Work item = Please print the entries exactly, omitting each image.

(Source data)
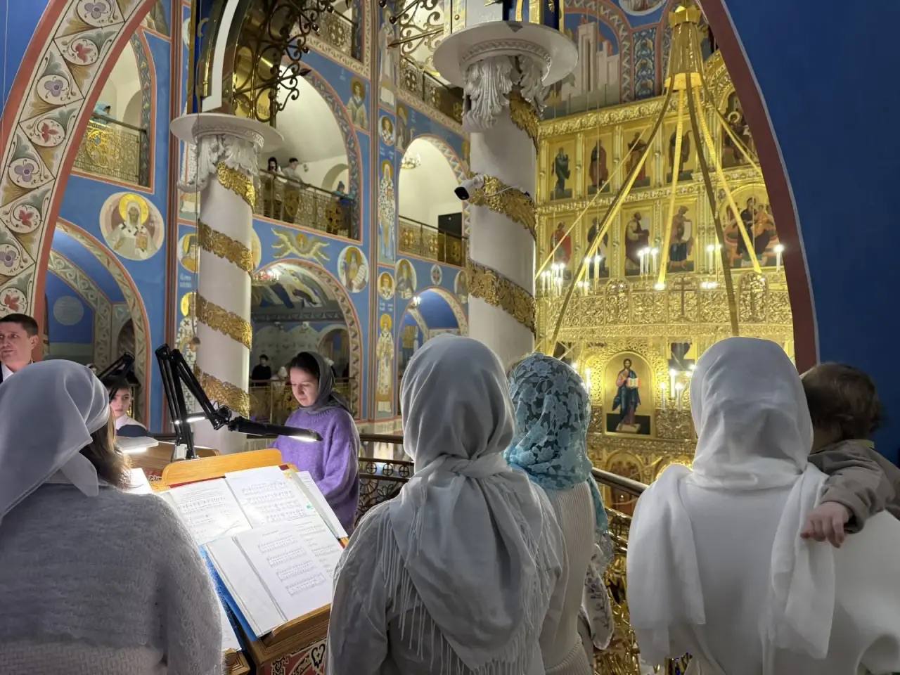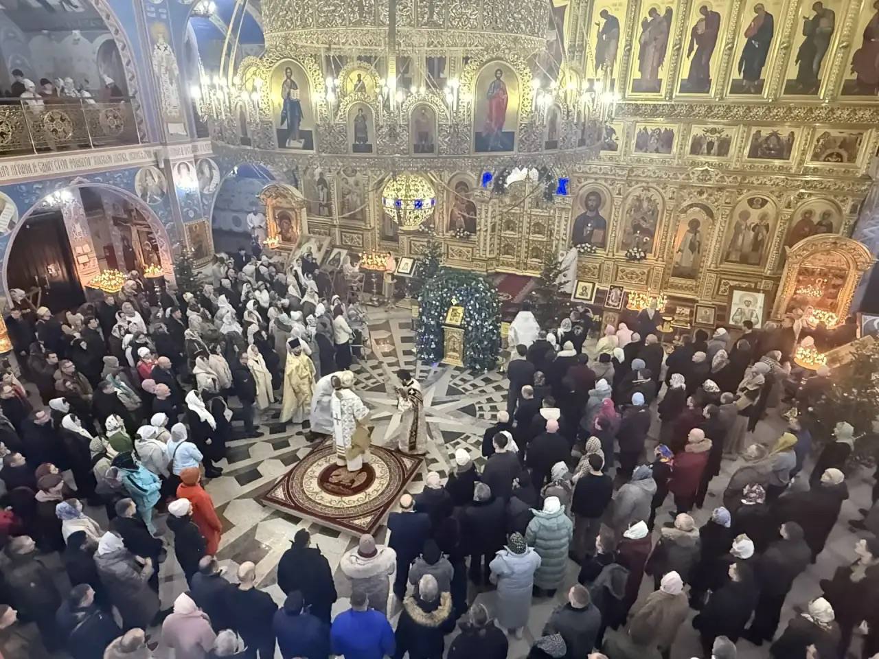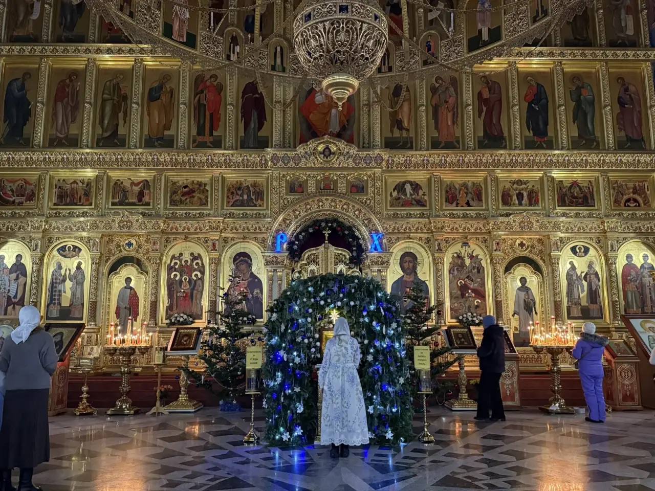 Внутри Кафедрального собора Рождества Христова в Южно-Сахалинске собрались десятки прихожан. В великий праздник пространство украсили еловыми ветвями, установили вертеп и световые буквы. Началась торжественная служба. Ее сопровождает хор. Всего за ночь, в честь великого Праздника, в соборе прозвучит свыше ста песнопений.
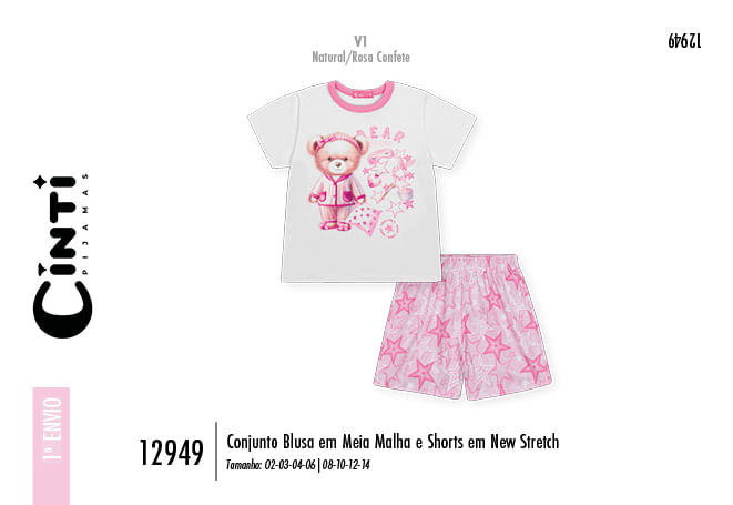 "Este encantador conjunto infantil feminino da coleção Inverno 2026 é a escolha ideal para compor um lookinho prático, alegre e cheio de movimento. A blusa, confeccionada em meia malha de toque suave, destaca-se por sua estampa frontal lúdica e delicada, que traz o frescor da estação para o dia a dia. Complementando o visual, o shorts em tecido New Stretch oferece uma flexibilidade incrível para todas as brincadeiras, apresentando uma estampa rotativa moderna e vibrante que harmoniza perfeitamente com a peça superior.
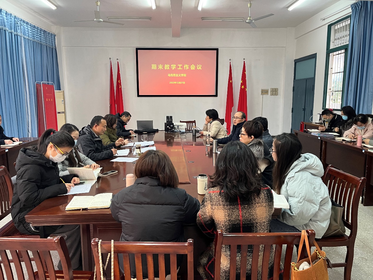 12月27日下午,马克思主义学院在3号教学楼106会议室召开了期末教学工作会议,马克思主义学院全体专兼职教师参加,会议由副院长余世建主持。
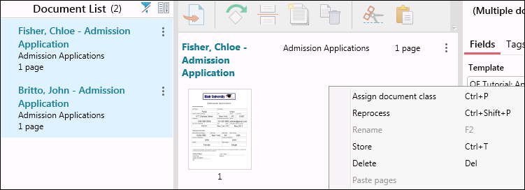 - Use CTRL or SHIFT to select multiple documents in the Document List Pane. Right-click on one of the selected documents and click Store.
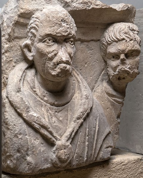 - Familie: Reste der Porträts von zwei bärtigen Männern, der linke mit kahler Stirn und Gesichtsfalten, in Mantel mit Scheibenfibel auf der Brust.
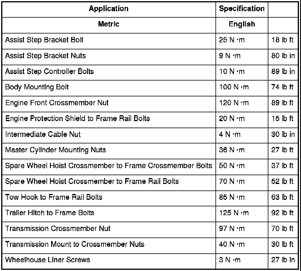 Fastener Tightening Specifications

Exercise response =
 Внутри Кафедрального собора Рождества Христова в Южно-Сахалинске собрались десятки прихожан. В великий праздник пространство украсили еловыми ветвями, установили вертеп и световые буквы. Началась торжественная служба. Ее сопровождает хор. Всего за ночь, в честь великого Праздника, в соборе прозвучит свыше ста песнопений.
 "Este encantador conjunto infantil feminino da coleção Inverno 2026 é a escolha ideal para compor um lookinho prático, alegre e cheio de movimento. A blusa, confeccionada em meia malha de toque suave, destaca-se por sua estampa frontal lúdica e delicada, que traz o frescor da estação para o dia a dia. Complementando o visual, o shorts em tecido New Stretch oferece uma flexibilidade incrível para todas as brincadeiras, apresentando uma estampa rotativa moderna e vibrante que harmoniza perfeitamente com a peça superior.
 12月27日下午,马克思主义学院在3号教学楼106会议室召开了期末教学工作会议,马克思主义学院全体专兼职教师参加,会议由副院长余世建主持。
 - Use CTRL or SHIFT to select multiple documents in the Document List Pane. Right-click on one of the selected documents and click Store.
 - Familie: Reste der Porträts von zwei bärtigen Männern, der linke mit kahler Stirn und Gesichtsfalten, in Mantel mit Scheibenfibel auf der Brust.
 Fastener Tightening Specifications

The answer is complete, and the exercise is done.